The proportion will only apply when CPU-intensive processes are running. When
tasks in one container are idle, other containers can use the left-over CPU
time. The actual amount of CPU time will vary depending on the number of
containers running on the system.
For example, consider three containers, one has a cpu-share of 1024 and two
others have a cpu-share setting of 512. When processes in all three containers
attempt to use 100% of CPU, the first container would receive 50% of the total
CPU time. If you add a fourth container with a cpu-share of 1024, the first
container only gets 33% of the CPU. The remaining containers receive 16.5%,
16.5% and 33% of the CPU.
On a multi-core system, the shares of CPU time are distributed over all CPU
cores. Even if a container is limited to less than 100% of CPU time, it can
use 100% of each individual CPU core.
For example, consider a system with more than three cores. If you start one
container
{C0} with
-c=512 running one process, and another
container
{C1} with
-c=1024 running two processes, this can
result in the following division of CPU shares:
PID container CPU CPU share
100 {C0} 0 100% of CPU0
101 {C1} 1 100% of CPU1
102 {C1} 2 100% of CPU2
--cpuset-cpus=""
CPUs in which to allow execution (0-3, 0,1)
--cpuset-mems=""
Memory nodes (MEMs) in which to allow execution (0-3, 0,1). Only effective on
NUMA systems.
If you have four memory nodes on your system (0-3), use
--cpuset-mems=0,1
then processes in your container will only use memory from the first two
memory nodes.
--creds creds
The [username[:password]] to use to authenticate with the registry if required.
If one or both values are not supplied, a command line prompt will appear and
the value can be entered. The password is entered without echo.
--decryption-key key[:passphrase]
The [key[:passphrase]] to be used for decryption of images. Key can point to
keys and/or certificates. Decryption will be tried with all keys. If the key
is protected by a passphrase, it is required to be passed in the argument and
omitted otherwise.
--device=
device
Add a host device or devices under a directory to the container. The format is
<device-on-host>[:<device-on-container>][:<permissions>]

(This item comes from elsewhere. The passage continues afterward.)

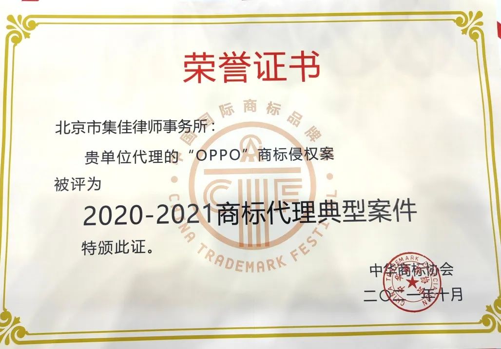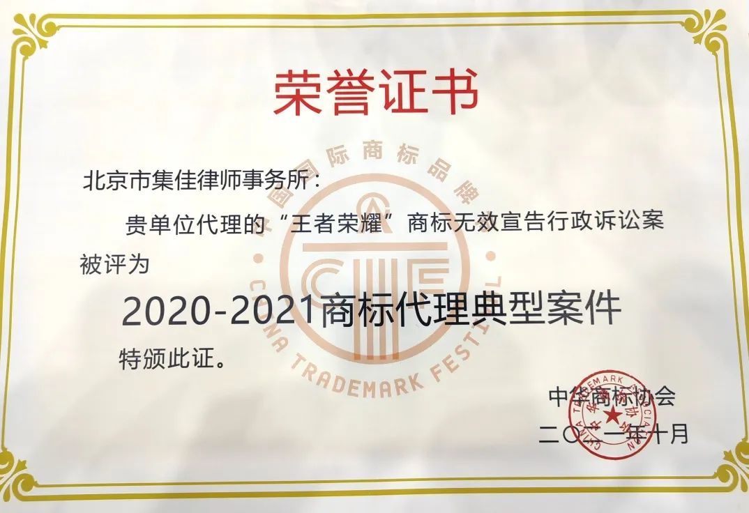 6月17日,第十三屆中國(guó)國(guó)際商標(biāo)品牌節(jié)正式拉開(kāi)帷幕,各項(xiàng)活動(dòng)火熱進(jìn)行。在“商標(biāo)典型案例評(píng)析論壇”上,集佳律師事務(wù)所代理的“第33類‘王者榮耀’無(wú)效宣告行政訴訟案”和“OPPO侵權(quán)案”因其體現(xiàn)出的創(chuàng)新性、實(shí)效性、典型性和影響力,在眾多案例中脫穎而出,雙雙入選“2020-2021商標(biāo)代理典型案件”。

(e.g. --device=/dev/sdc:/dev/xvdc:rwm)
--dns=[]
Set custom DNS servers
This option can be used to override the DNS configuration passed to the
container. Typically this is necessary when the host DNS configuration is
invalid for the container (e.g., 127.0.0.1). When this is the case the
--dns flag is necessary for every run.
The special value
none can be specified to disable creation of
/etc/resolv.conf in the container by Buildah. The /etc/resolv.conf file in the
image will be used without changes.
--dns-option=[]
Set custom DNS options
--dns-search=[]
Set custom DNS search domains
--format,
-f oci |
docker
Control the format for the built image's manifest and configuration data.
Recognized formats include
oci (OCI image-spec v1.0, the default) and
docker (version 2, using schema format 2 for the manifest).
Note: You can also override the default format by setting the BUILDAH_FORMAT
environment variable.
export BUILDAH_FORMAT=docker
--http-proxy
By default proxy environment variables are passed into the container if set for
the Buildah process. This can be disabled by setting the
--http-proxy
option to
false. The environment variables passed in include
http_proxy,
https_proxy,
ftp_proxy,
no_proxy, and
also the upper case versions of those.
Defaults to
true
--ipc how
Sets the configuration for IPC namespaces when the container is subsequently
used for
buildah run. The configured value can be "" (the
empty string) or "container" to indicate that a new IPC namespace
should be created, or it can be "host" to indicate that the IPC
namespace in which
Buildah itself is being run should be reused, or it
can be the path to an IPC namespace which is already in use by another
process.
--isolation type
Controls what type of isolation is used for running processes under
buildah run. Recognized types include
oci (OCI-compatible
runtime, the default),
rootless (OCI-compatible runtime invoked using a
modified configuration, with
--no-new-keyring added to its
create invocation, reusing the host's network and UTS namespaces, and
creating private IPC, PID, mount, and user namespaces; the default for
unprivileged users), and
chroot (an internal wrapper that leans more
toward
chroot(1) than container technology, reusing the host's control group,
network, IPC, and PID namespaces, and creating private mount and UTS
namespaces, and creating user namespaces only when they're required for ID
mapping).
Note: You can also override the default isolation type by setting the
BUILDAH_ISOLATION environment variable.
export BUILDAH_ISOLATION=oci
--memory,
-m=""
Memory limit (format: [], where unit = b, k, m or g)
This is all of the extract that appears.